У чужих людей - Сегал Лора
— Вы же наверняка помните, где находится колледж. В Риджентс-парке. Если устаешь корпеть над «Беовульфом», можно полюбоваться, как гуси бредут по лужайке с озера. Обожаю Лондон! Мечтаю туда вернуться…
Сидевшая за столиком чиновница британского консульства заметила:
— В нынешних условиях это, скорее всего, несложно.
Не прошло и месяца, как мне пришло извещение о том, что я могу явиться в консульство за визой.
Я похолодела от ужаса: сквозь памятную картинку — белоснежные гуси гуляют под раскидистыми платанами по изумрудно-зеленой лужайке — проступила, будто при наложении двух фотоснимков, — я сама в очках, плаще и полуботинках; в июньский, по-английски холодный и дождливый день, я топаю по мосту на Бейкер-стрит, терзаемая таким острым ощущением одиночества, что оно навсегда врезалось мне в память. Помню, я на миг замерла, чтобы понять, почему мне так тошно, почувствовала, что ноги у меня промокли, а в кармане — что-что, а это я знала точно — нет даже шестипенсовика для газового счетчика.
— Виза! В Англию! Потрясающе!… — воскликнула я. — Только в ближайшее время у меня денег не предвидится…
— Визу можно будет возобновить, — успокоила меня чиновница.
— Да, но моя мать рассчитывает, что я вместе с ней поеду в Америку, — выпалила я и покраснела.
Домой я шла в полной уверенности, что англичане навсегда утратили ко мне интерес.

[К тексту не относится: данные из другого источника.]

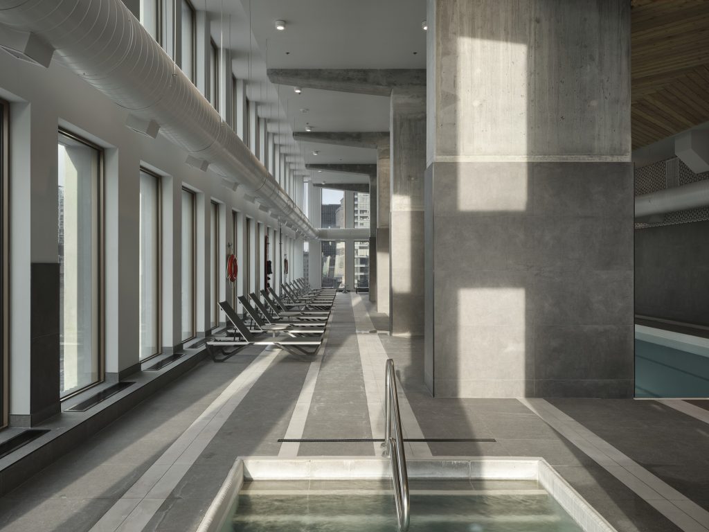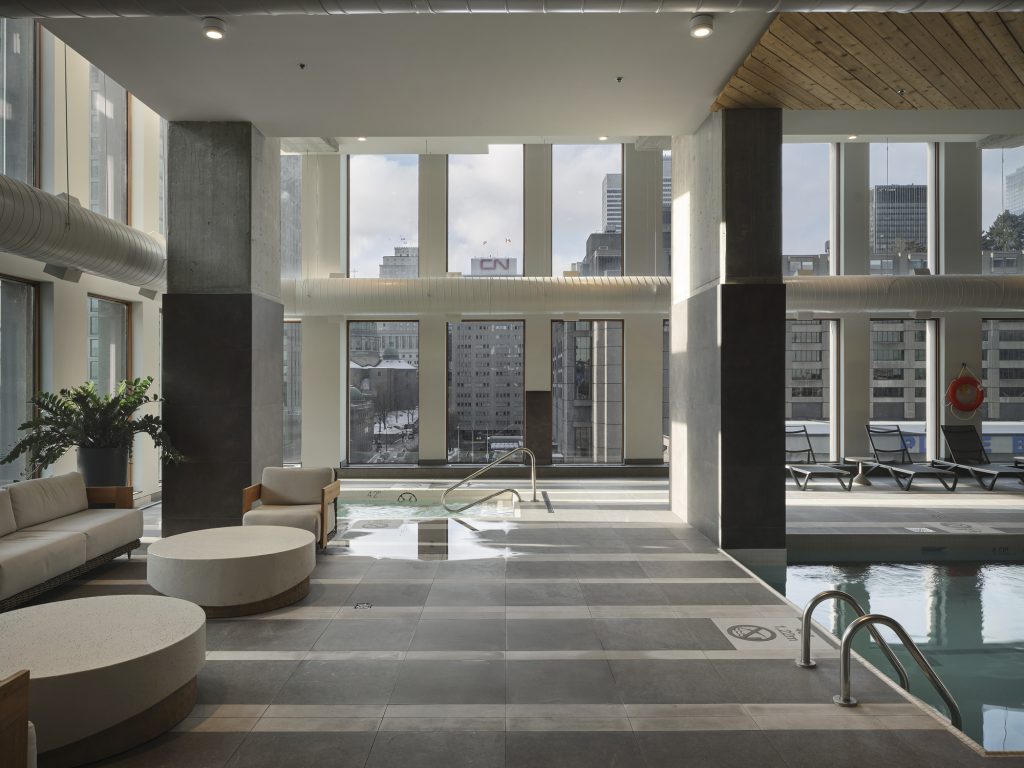 Le 900 Saint-Jacques propose une conception de l’habitat où la collectivité constitue un élément central d’un cadre de vie complet. La configuration du projet a été pensée pour favoriser les interactions, multipliant les espaces communs et créant des lieux de rencontre accessibles tant aux résidents qu’aux visiteurs de l’hôtel Moxy.

Но на следующей неделе, когда я шла мимо, миссис Дарси поманила меня, заказала чай со льдом и сообщила, что посол X. ищет преподавателя английского языка, и она рекомендовала меня. Короче, благодаря миссис Дарси через пару месяцев у меня набралось немало учеников, желавших изучать английский с британским акцентом, среди них был даже один выходец из Вены. И вскоре я отказалась от работы в «Харагуа».
Лучшим моим клиентом стал посол X, По утрам, еще до завтрака, за мной заезжал его личный шофер, а в конце каждого урока посол делал мне игривое предложение.

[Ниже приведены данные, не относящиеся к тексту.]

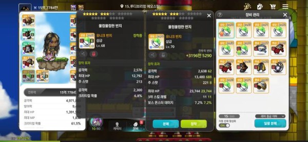 오른쪽 반지는 공격력은 낮지만 보스 몬스터 데미지%가 붙어있고, 3차 스킬 레벨 옵션도 있어서 미세하게 더 좋습니다.

Едва мы выходили на крыльцо посольства, водитель швырял щетку на землю и замирал по стойке «смирно» возле дверцы огромного черного «линкольна-континентал», сверкавшего влажными боками на усыпанной гравием дорожке. Воздев указательный палец, чтобы привлечь мое внимание, посол замирал.
— Ты. — Сосредоточенно нахмурив брови, он тыкал в меня пальцем: — Третится? — вопрошал он.

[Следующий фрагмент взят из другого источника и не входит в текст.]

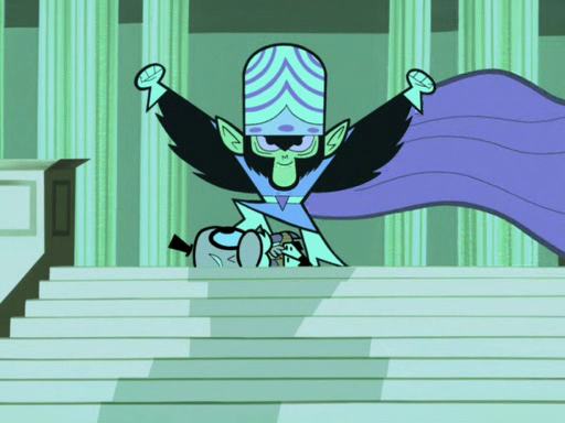 Eventually they take the fight to Mojo, who uses the Professor as a hostage against them declaring his intention to rule the world, "even if it means taking EXTREME MEASURES!!!" At that moment, Mojo pumps so much Chemical X into himself that he grows to the size of a giant. Mojo then proceeds to rip off the dome of Townsville City Hall and places it on his brain as his new helmet. The girls tell the Professor they cannot let Mojo win and decide to finish, as he sheds a tear of pride.

— Встретиться? — предлагала я.
— Встретиться, — исправлял ошибку посол, — меня, — и с плотоядной ухмылкой тыкал пальцем себе в грудь, — в отель «Харагуа» эту ночь? — победно завершал он фразу и гордо вскидывал голову, ожидая похвал. Коренастый, низенький, он был почти одного роста со мной.
Я качала головой и поправляла:
— Давайте встретимся сегодня вечером в отеле.
Посол хихикал и хлопал себя по бедру:
— Я стретим тебя! Я стретим тебя!
— Правильно. Я встречусь с вами завтра утром, как всегда — в семь часов, — отвечала я. — И пожалуйста, повторите главу шестую, про порядок слов в английском вопросе.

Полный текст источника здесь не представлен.